Artist in Residency
2014
Susanne Bosch
Residency Duration: 23 March – 17 June 2014
Susanne Bosch is a German artist who recently returned to German after living in Belfast, Northern Ireland, for 7 years. She works predominantly with and in public. Her work addresses long-term questions around ideas of democracy. Bosch has taken on issues of money, migration, survival, work, societal visions, and models of participation. She formally uses site- and situation-specific interventions, installations, video, drawing, audio, dialogical work, but also writing, speaking, workshops and seminars.
In recent years, Susanne worked internationally on exhibitions and projects, e.g. City(Re)Searches in Cork, Belfast, Kaunas, Rotterdam (2012-2014), City Exhibitions, Birzeit Museum, West Bank, Palestine (2012/13), art-based research/research-based art including 3 residencies in Ramallah, Palestine (2010/11), a public art work for Madrid Abierto 2009/10, Berlin/Istanbul (2009, with exhibitions in Berlin and Istanbul), The Pre-History of Crisis (II), Project Arts Centre Dublin and Belfast Exposed (2009), THE COMMON GOOD: The Enterprise of Art, PAN, Naples, Italy (2008). From 2007-2012, she developed and led the Art in Public master programme together with Dan Shipsides.
During the residency, Susanne held an artist sharing on the 30 April where she shared her artistic practice and previous works. Her final residency presentation was a solo exhibition What We Believe In (12 – 29 June), a multi-media installation with newspaper prints, drawings, music and video of “alternativists”. The work was a multi-layered response to Susanne’s first encounter with Malaysia and its context.

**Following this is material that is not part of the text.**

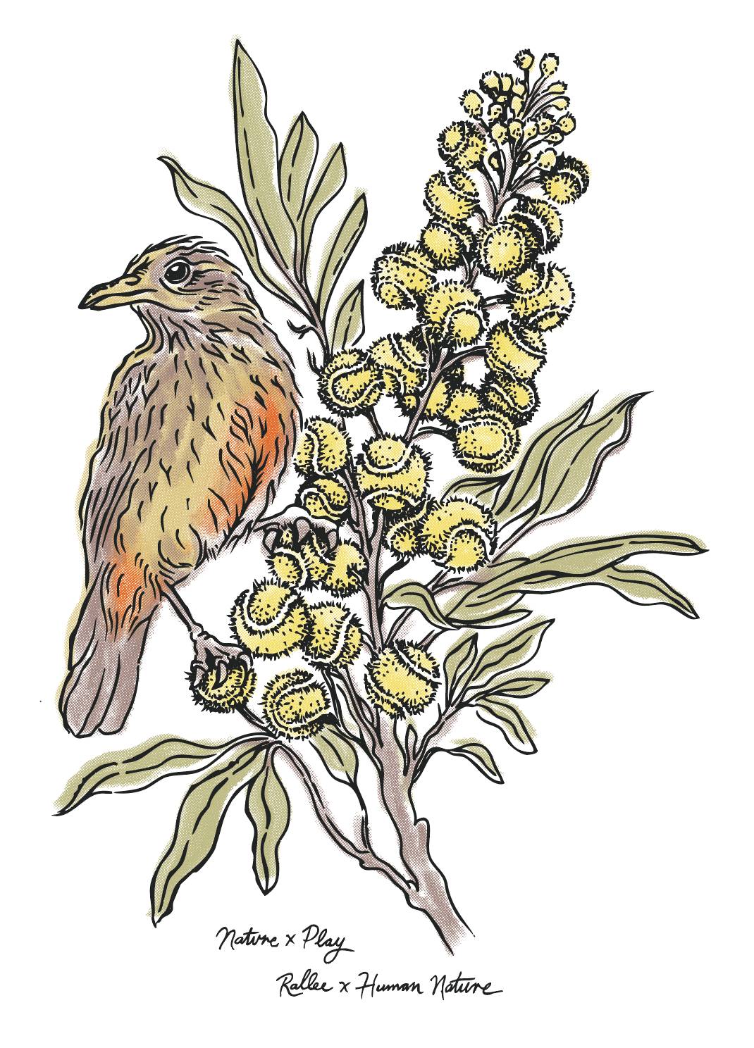 - Red Wattle Bird and "ball infused" wattle branch graphic

Susanne also collaborated with writer-singer Anna Chong who composed a new song called Turtle Tame Chaos inspired from interview transcripts that Susanne recorded around the Petaling Street area which comprised feelings, responses, thoughts and visions regarding the vanishing moments caused by consumption, exploitation and destruction.
It was also during her residency that she started various intensive meetings and research discussions with Lostgens’ and the Goethe-Institut Malaysia on a future collaboration addressing the many issues she confronted. This carved way to the project TransActions in the Field a year later where it involved over 22 artists all over Asia and Germany coming to Malaysia on a series of masterclass in public arts.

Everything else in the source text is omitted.